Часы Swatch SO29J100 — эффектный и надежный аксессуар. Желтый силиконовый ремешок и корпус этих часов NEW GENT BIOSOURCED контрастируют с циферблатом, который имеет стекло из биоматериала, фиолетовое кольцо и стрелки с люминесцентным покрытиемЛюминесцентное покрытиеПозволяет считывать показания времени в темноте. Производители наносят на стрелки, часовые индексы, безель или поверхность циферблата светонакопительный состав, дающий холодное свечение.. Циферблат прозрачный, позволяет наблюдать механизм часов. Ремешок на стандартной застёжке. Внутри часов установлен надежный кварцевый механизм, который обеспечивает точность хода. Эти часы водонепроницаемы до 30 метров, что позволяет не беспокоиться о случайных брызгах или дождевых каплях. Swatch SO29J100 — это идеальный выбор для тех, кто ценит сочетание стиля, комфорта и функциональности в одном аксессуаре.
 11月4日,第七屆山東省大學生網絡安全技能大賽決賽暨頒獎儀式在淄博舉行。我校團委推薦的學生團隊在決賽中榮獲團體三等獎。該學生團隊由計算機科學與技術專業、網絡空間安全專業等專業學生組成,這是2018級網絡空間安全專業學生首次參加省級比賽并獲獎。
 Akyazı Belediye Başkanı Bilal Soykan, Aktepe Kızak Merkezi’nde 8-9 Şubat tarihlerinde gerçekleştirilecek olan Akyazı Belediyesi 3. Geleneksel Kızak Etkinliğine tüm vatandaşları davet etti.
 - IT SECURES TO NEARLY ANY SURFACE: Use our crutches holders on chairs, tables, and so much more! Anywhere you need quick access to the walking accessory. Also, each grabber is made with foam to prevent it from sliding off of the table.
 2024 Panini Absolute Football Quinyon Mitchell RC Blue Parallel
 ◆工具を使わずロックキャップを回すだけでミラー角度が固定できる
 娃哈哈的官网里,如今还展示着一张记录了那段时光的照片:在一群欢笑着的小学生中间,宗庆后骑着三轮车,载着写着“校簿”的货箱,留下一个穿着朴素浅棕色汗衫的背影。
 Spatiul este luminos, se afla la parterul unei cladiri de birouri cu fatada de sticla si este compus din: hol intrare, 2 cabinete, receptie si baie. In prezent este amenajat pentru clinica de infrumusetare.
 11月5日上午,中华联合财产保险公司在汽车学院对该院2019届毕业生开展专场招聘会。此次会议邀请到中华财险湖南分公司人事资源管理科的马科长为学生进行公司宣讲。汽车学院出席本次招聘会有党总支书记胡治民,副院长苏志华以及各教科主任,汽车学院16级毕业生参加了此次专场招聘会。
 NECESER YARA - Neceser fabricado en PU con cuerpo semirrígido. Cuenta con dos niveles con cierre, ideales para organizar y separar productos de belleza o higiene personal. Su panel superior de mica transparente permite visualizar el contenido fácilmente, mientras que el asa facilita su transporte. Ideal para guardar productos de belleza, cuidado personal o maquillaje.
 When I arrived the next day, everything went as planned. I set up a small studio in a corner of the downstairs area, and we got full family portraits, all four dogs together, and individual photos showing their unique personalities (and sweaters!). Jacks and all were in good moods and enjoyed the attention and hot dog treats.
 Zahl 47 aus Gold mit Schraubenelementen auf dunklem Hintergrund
┄┄┄┄┄┄
- _Work request_
Return, with no change at all, every line in the entries above from the line containing "Spatiul este luminos, se" through the line containing "11月5日上午,中华联合财产".

- _Exercise result_
 Spatiul este luminos, se afla la parterul unei cladiri de birouri cu fatada de sticla si este compus din: hol intrare, 2 cabinete, receptie si baie. In prezent este amenajat pentru clinica de infrumusetare.
 11月5日上午,中华联合财产保险公司在汽车学院对该院2019届毕业生开展专场招聘会。此次会议邀请到中华财险湖南分公司人事资源管理科的马科长为学生进行公司宣讲。汽车学院出席本次招聘会有党总支书记胡治民,副院长苏志华以及各教科主任,汽车学院16级毕业生参加了此次专场招聘会。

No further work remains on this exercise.